Spontaneous Singing in the Bible

Spontaneous Singing in the Bible December 5, 2016

As I prepare to teach my course on the Bible and music next semester, I’ve been thinking more about the music behind and in the Bible, as well as music that takes up the already-existing Bible and works with it.

As I think about the depictions of spontaneous singing by individuals (or what is often so construed by interpreters), I began to wonder what this actually envisages. Was there a custom of spontaneously composing song on the spot, in ancient Jewish or other societies?
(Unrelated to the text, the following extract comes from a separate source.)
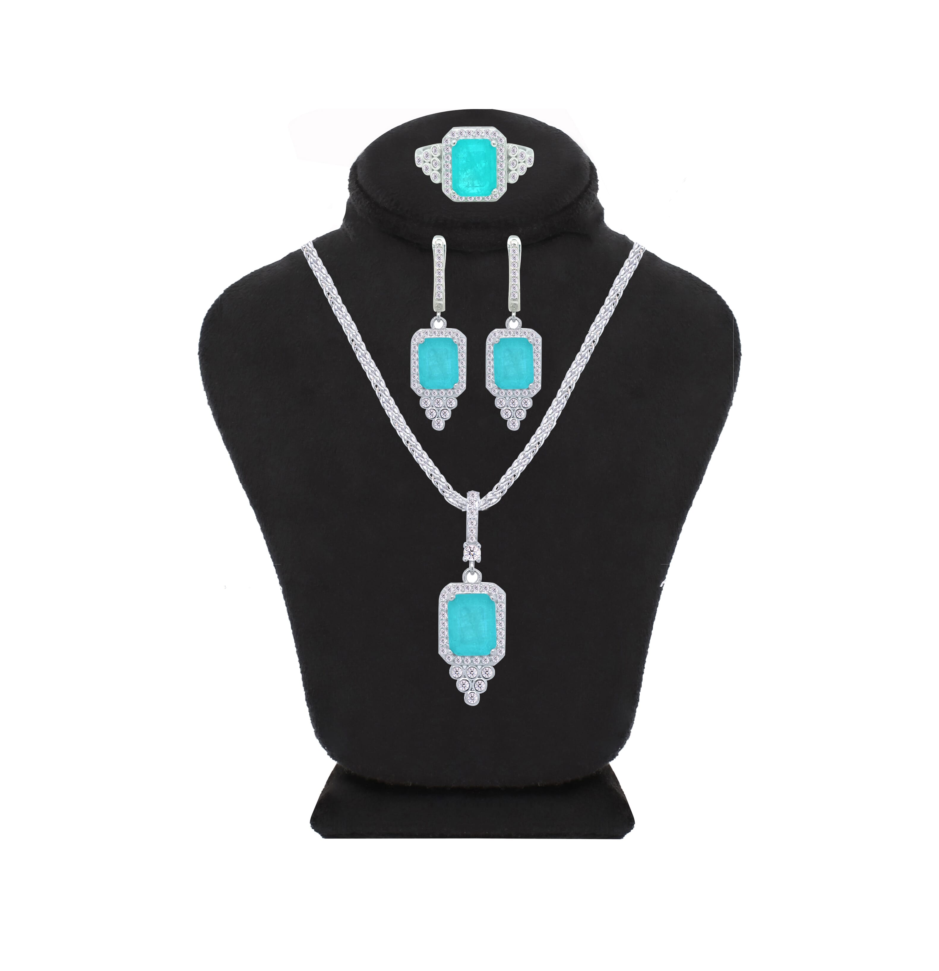 عصفور كريستال طقم فضة عيار 925 بتصميم اميرالد زخرفي تركواز مرصع بفصوص الزركون - SD0051-GC-7
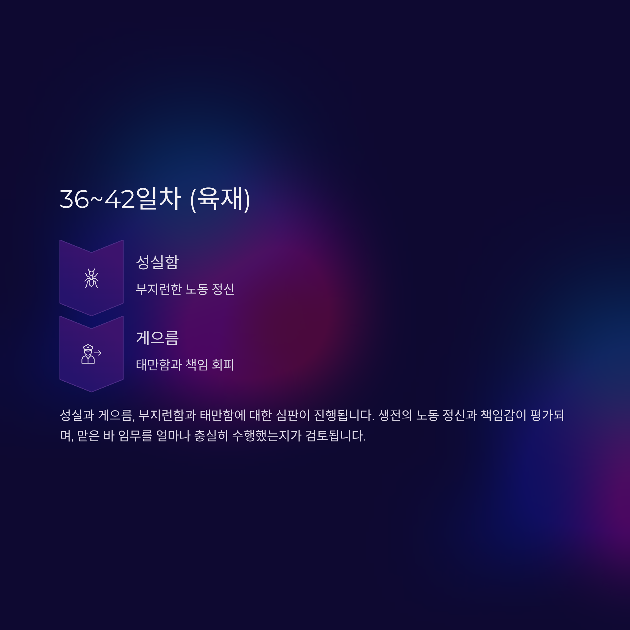 성실과 게으름, 부지런함과 태만함에 대한 심판이 진행됩니다. 생전의 노동 정신과 책임감이 평가됩니다.

Does the unlikelihood of full-fledged song composition (in our sense) taking place in such instances indicate that the “singing” was more like poetic speech, or rap, or something different from any musical genre one might hear today on the radio?

In some instances, it is in fact merely the headings of the passages that suggest someone “sang,” when in fact the text itself merely has “said” (so, for instance, in the Magnificat and Nunc Dimittis in Luke 1, and the prototypes that these are patterned on in the Hebrew Bible, such as “Hannah’s song” in 1 Samuel 2). But in other instances, such as the “Song of Moses” in Exodus 15, there is explicit mention of singing – and in many of those instances it seems that others joined in.

When it comes to depictions of groups spontaneously breaking into song, that is not hard to envisage – if the song is an already-existing one that is well known. But is that what Exodus, or the Book of Revelation, has in mind?

If we treat the stories in question as “musicals,” then these things make a certain kind of sense. The songs are not depictions of what happened, but ways of highlighting the significance of key moments in the drama. If we insist on reading them as depictions of historical events, including the musical numbers, then making good sense of them becomes problematic.

What is your view of the “songs” that appear within narratives in the Bible? Are they best understood as spontaneous musical compositions, musical numbers that the author of the narrative had no expectation that anyone would think reflected what was said on the occasion depicted in the story, or something else?